Up & Down with Antitrust

On the charge that great banking power is being concentrated in a few hands to the detriment of business and the public, the Justice Department has been particularly eager to prevent several proposed bank mergers. In Chicago and New York City, Bobby Kennedy's trustbusters have puffed into courts in last-minute and futile attempts to block such mergers. Despite their defeats, trustbusters had high hopes of winning a meticulously prepared suit against a Philadelphia bank merger. That merger would create the city's biggest bank, linking the Philadelphia National (now second largest with assets of $1.2 billion) and the third-ranking Girard Trust Corn Exchange (assets: $853 million). Together these two banks, said Justice, would be 50% larger than First Pennsylvania Banking & Trust Co., now in first place, and control 37% of Philadelphia's banking business.

Last week the trustbusters got a setback in Philadelphia. Federal District Judge Thomas J. Clary approved the merger. Instead of restraining competition, said he, "the larger bank will be able to compete on better terms with banks of other cities and states that have been draining this area of banking business." (Big Philadelphia companies often have to go to New York or Chicago to find one bank large enough to finance their expansion plans.) Merging banks in other cities can now be expected to cite that opinion.
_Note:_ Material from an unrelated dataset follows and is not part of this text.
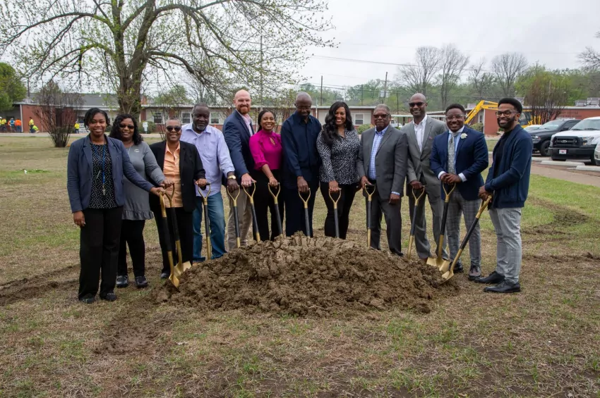 L to R: Latasha Turner, Asst. Superintendent; Councilwoman Rochelle Armstrong; Former Rosedale Mayor Aelicia Thomas; Councilman Charles Turner; State Local Public Agency (LPA) Engineer Lee Frederick; Laquisha Williams, Asst. to Commissioner Willie Simmons; Rosedale Mayor Tracy Robinson; Councilwoman Tracy Tucker; Commissioner Willie Simmons, Central Transportation District; Dr. Abe Hudson, Program Officer, Walton Family Foundation; District 1 Bolivar County Supervisor Jacorius Liner; Dr. Will Smith, Superintendent, West Bolivar Consolidated School District.

But the trustbusters salvaged something. In the first court interpretation of the Federal Bank Merger Law of 1960, Judge Clary found that the Justice Department is legally empowered to challenge banking mergers even after the Treasury Department approves them. Treasury has held that its Comptroller of Currency is the final authority. Justice intends to appeal to the U.S. Supreme Court, and the Philadelphia banks will postpone their merger until a final decision comes down.